Ballack schmort auf der Bank

Außen vor blieb am Samstag Michael Ballack. Trotz der schwacher Leistung seiner Mannschaftskollegen schmorrte der ehemalige Kapitän der Nationalmannschaft 90 Minuten nur auf der Bank.

"Taktische Einzelentscheidungen möchte ich nicht in der Öffentlichkeit kommentieren", sagte Dutt bei LIGA total! zu seiner Entscheidung und betonte, nach seiner Überzeugung zu entscheiden und sein Handeln "nicht von der öffentlichen Wahrnehmung abhängig zu machen".

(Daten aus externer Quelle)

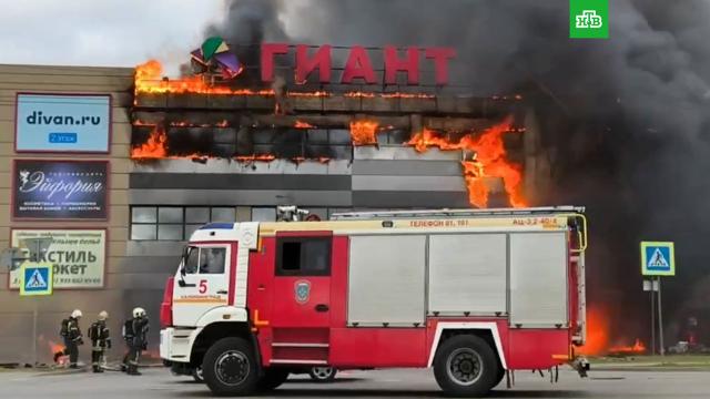 Пламя охватило несколько этажей ТЦ «Гиант» в Калининграде.

Holzhäuser versuchte die Brisanz aus dem Thema zu nehmen.

"Er geht positiv mit der Situation um"

"Wir haben im Mittelfeld sechs gleichstarke Spieler. Drei können spielen, drei müssen zugucken. Vielleicht ist Micha beim nächsten Mal wieder auf dem Platz. Er ist ein sehr positiver Typ und gut in die Mannschaft integriert. Er geht positiv mit der Situation um", meinte der Bayer-Boss.

Ballack selbst schweigt, macht sich allerdings auch Gedanken - sogar um seinen Abschied von der Fußballbühne.

"Ich werde nach diesem Jahr sicherlich nicht mehr wechseln", sagte er in einem Interview mit "Bundesliga TV" vor der Partie, "man weiß nie, was sich mit Leverkusen ergibt, aber ich gehe davon aus, dass das in der Bundesliga mein letztes Jahr sein wird."

Klare Worte von Ballack - seine Abschiedstour dürfte er sich aber wohl anders vorgestellt haben.

Mainz wendet Fehlstart ab

Im Gegensatz zu Leverkusen konnte Mainz den kompletten Fehlstart verhindern. Die Mannschaft von Trainer Thomas Tuchel ließ die Kritiker nach dem Europa-League-Aus gegen Gaz Metan Medias erst einmal verstummen.

"Die Mannschaft hat sich leidenschaftlich aufgeopfert und war füreinander da. Sie sind heute ans Limit gegangen", war Tuchel voll des Lobes.

"Welche Laufbereitschaft, welche Engagement und welches Herz zu sehen war - eine grandiose Leistung", schwärmte er weiter.

Mit den altbekannten Attributen Aggressivität und Kampfbereitschaft zog Mainz den Leverkusenern den Zahn und rehabilitierte sich für die Pleite gegen die Rumänen.

Die Probleme haben die Mainzer erst einmal nach Leverkusen weitergeschoben.